BEGIN Excerpted records

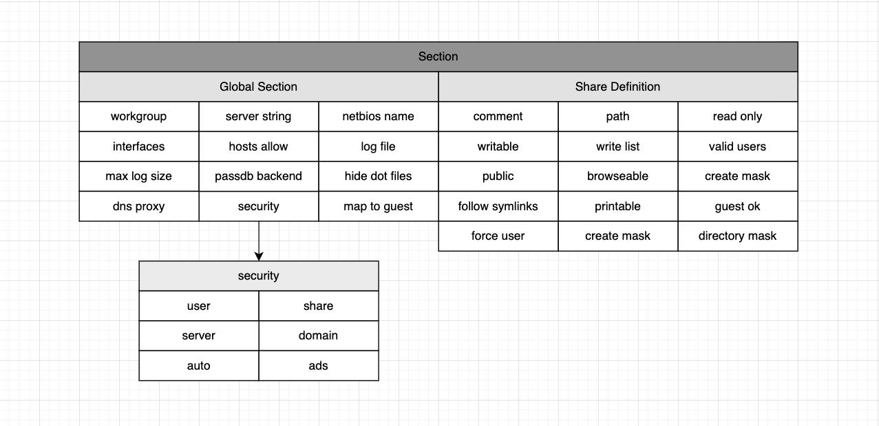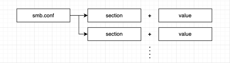 smb.conf 내부에는 각 섹션에 대해서 설정 가능한 항목에 대해 어떤 값이 설정 되어있는지 작성되어 있다.
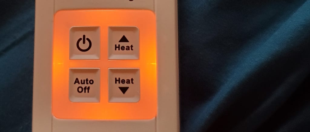 The middle section contained four buttons that floated on a translucent, back-lit bit of plastic. The power button was in the upper-left corner. The auto-off override control sat in the lower-left corner. The two buttons on the right were the temperature select buttons, up & down. It was this middle section that inspired so many of my nightmares while I was bedridden.
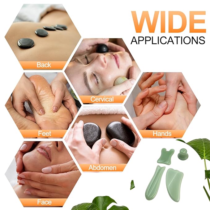 - Gwboorsd 4 Stone Set Stone Massage Set for Oil Warmer Massage gua sha for Professional or Home Spa, Relaxing, Pain Relief, Light Green Style
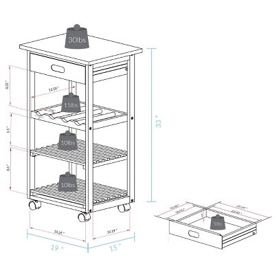 | Features | Wine Storage, Casters/Wheels, 2 Shelves |
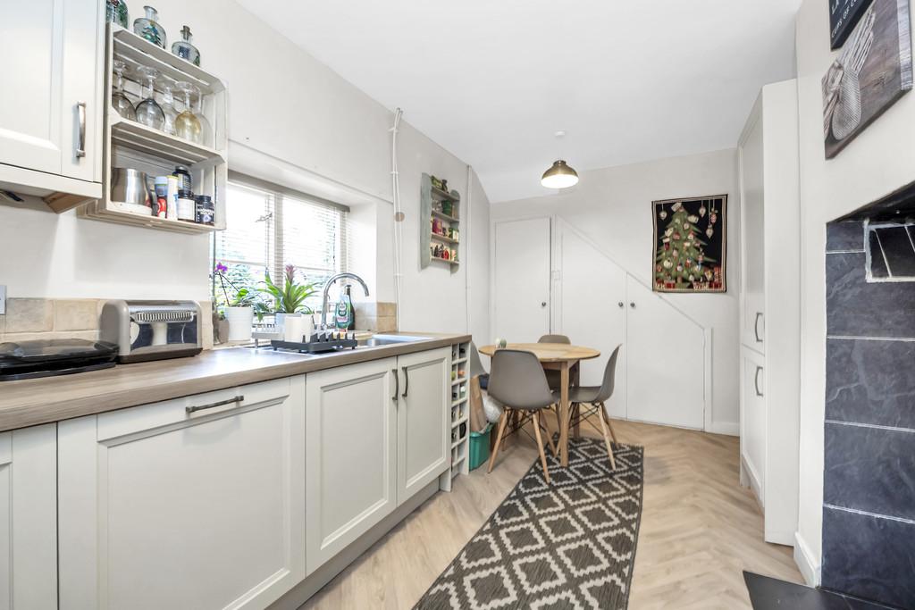 From the parking spaces at the rear of the property there is an entrance door into the rear hallway with door to the cloakroom / wc with window to rear. Bedroom three is on the ground floor with window to the front aspect. The kitchen is fitted with a range of wall and base units with integrated dishwasher, range cooker with extractor over and fridge freezer, log burner and window to rear. Door to utility room with gas boiler in situ and space for washing machine and tumble dryer. Handy storage cupboard. Through to the sitting room with feature fireplace and two arched windows to the front aspect. Entrance door leading to the side cottage garden.
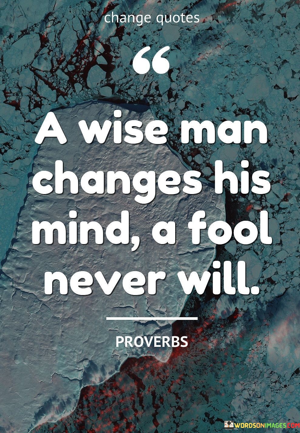 The quote "A wise man changes his mind, a fool never will" emphasizes the importance of open-mindedness and the willingness to adapt one's beliefs and opinions based on new information or experiences. Wisdom is not static; it evolves with time and learning. A wise person understands that holding onto rigid beliefs, even in the face of contradictory evidence, can hinder personal growth and understanding. Instead, they are receptive to new ideas and perspectives, and they are not afraid to reconsider their views when presented with compelling evidence or logical reasoning. On the other hand, a fool is characterized by stubbornness and an unwillingness to change. They may cling tightly to their existing beliefs, even when confronted with overwhelming evidence that contradicts their position. This closed-mindedness can lead to a lack of personal growth and a resistance to new knowledge or insights. The ability to change one's mind is a sign of intellectual maturity and humility. It demonstrates a willingness to acknowledge that one's previous beliefs might not have been fully informed or accurate. By embracing new information and incorporating it into their understanding, wise individuals continually expand their knowledge and enhance their decision-making abilities. Moreover, the willingness to change one's mind fosters open dialogue and collaboration. It encourages constructive discussions, where different perspectives can be shared and evaluated without fear of judgment or ridicule. This approach to communication can lead to greater understanding, empathy, and the possibility of finding common ground even in areas of disagreement. In contrast, an individual who stubbornly clings to fixed beliefs may find it challenging to engage in meaningful conversations with others, as they may be unwilling to consider alternative viewpoints. In conclusion, the quote "A wise man changes his mind, a fool never will" serves as a reminder of the importance of intellectual flexibility and humility. Wisdom lies in being open to new ideas, learning from diverse experiences, and being willing to adapt one's beliefs based on evidence and reasoning. By embracing change and being receptive to new knowledge, wise individuals continue to grow and evolve throughout their lives. On the other hand, a closed-minded approach can hinder personal growth and lead to missed opportunities for learning and understanding.
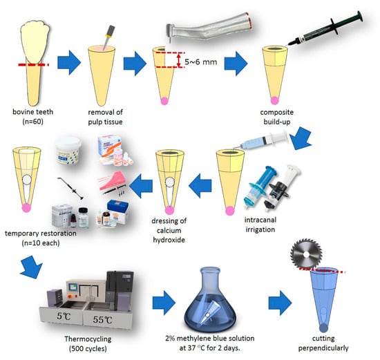 The outline of this study is schematically shown in Figure 1. Sixty bovine mandibular incisor teeth (Yokohama Meat Corporation, Yokohama, Japan), which were frozen immediately after removal, were defrosted using running tap water immediately before use. After removing the periodontal tissue adhering to the bovine teeth, they were cut about 5 mm above the cemento-enamel junction, and the pulp tissue in the root canal was removed with a #80 K-file (Mani, Utsunomiya, Japan). Next, the mesial or distal half of the tooth stump was removed to prepare 5–6 mm steps using a diamond bur (Mani Dia-bur TF114, Mani, Utsunomiya, Japan) mounted on a high-speed micro motor handpiece (Ti-Max X 95, NSK, Kanuma, Japan). Self-etching primer and bonding resin (Clearfil Megabond 2, Kuraray Noritake Dental, Tokyo, Japan) was applied according to the manufacturers recommendations, light-cured with an LED light-curing unit (Demi Plus, Kerr, Orange, CA, USA), and a flowable resin composite (Tokuyama Estelite Universal Flow Quick Super Low A2, Tokuyama Dental, Kamisu, Japan) was built up to restore the missing portion of the tooth stump. After correction of the cavity wall shape using a diamond bur, the apex and its periphery were sealed with a self-curing acrylic resin (Unifast III, live pink, GC, Tokyo, Japan).
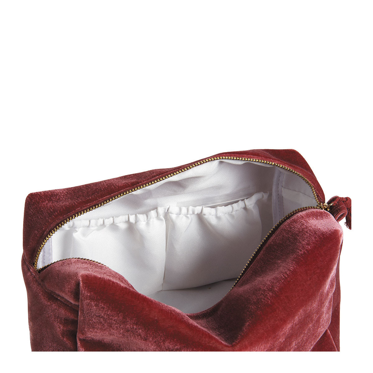 Práctico y femenino, el neceser rectangular de terciopelo tornasolado rosa te seducirá por su suavidad y elegancia. Podrás guardar fácilmente todos tus accesorios de belleza y llevarlo en tu equipaje. ¡Un elemento indispensable para tus próximos viajes!

END Excerpted records

Action item:
Only the line with "From the parking" and those preceding it, back to the first line of the entries, should be repeated exactly, without pictures.

Written answer:
 smb.conf 내부에는 각 섹션에 대해서 설정 가능한 항목에 대해 어떤 값이 설정 되어있는지 작성되어 있다.
 The middle section contained four buttons that floated on a translucent, back-lit bit of plastic. The power button was in the upper-left corner. The auto-off override control sat in the lower-left corner. The two buttons on the right were the temperature select buttons, up & down. It was this middle section that inspired so many of my nightmares while I was bedridden.
 - Gwboorsd 4 Stone Set Stone Massage Set for Oil Warmer Massage gua sha for Professional or Home Spa, Relaxing, Pain Relief, Light Green Style
 | Features | Wine Storage, Casters/Wheels, 2 Shelves |
 From the parking spaces at the rear of the property there is an entrance door into the rear hallway with door to the cloakroom / wc with window to rear. Bedroom three is on the ground floor with window to the front aspect. The kitchen is fitted with a range of wall and base units with integrated dishwasher, range cooker with extractor over and fridge freezer, log burner and window to rear. Door to utility room with gas boiler in situ and space for washing machine and tumble dryer. Handy storage cupboard. Through to the sitting room with feature fireplace and two arched windows to the front aspect. Entrance door leading to the side cottage garden.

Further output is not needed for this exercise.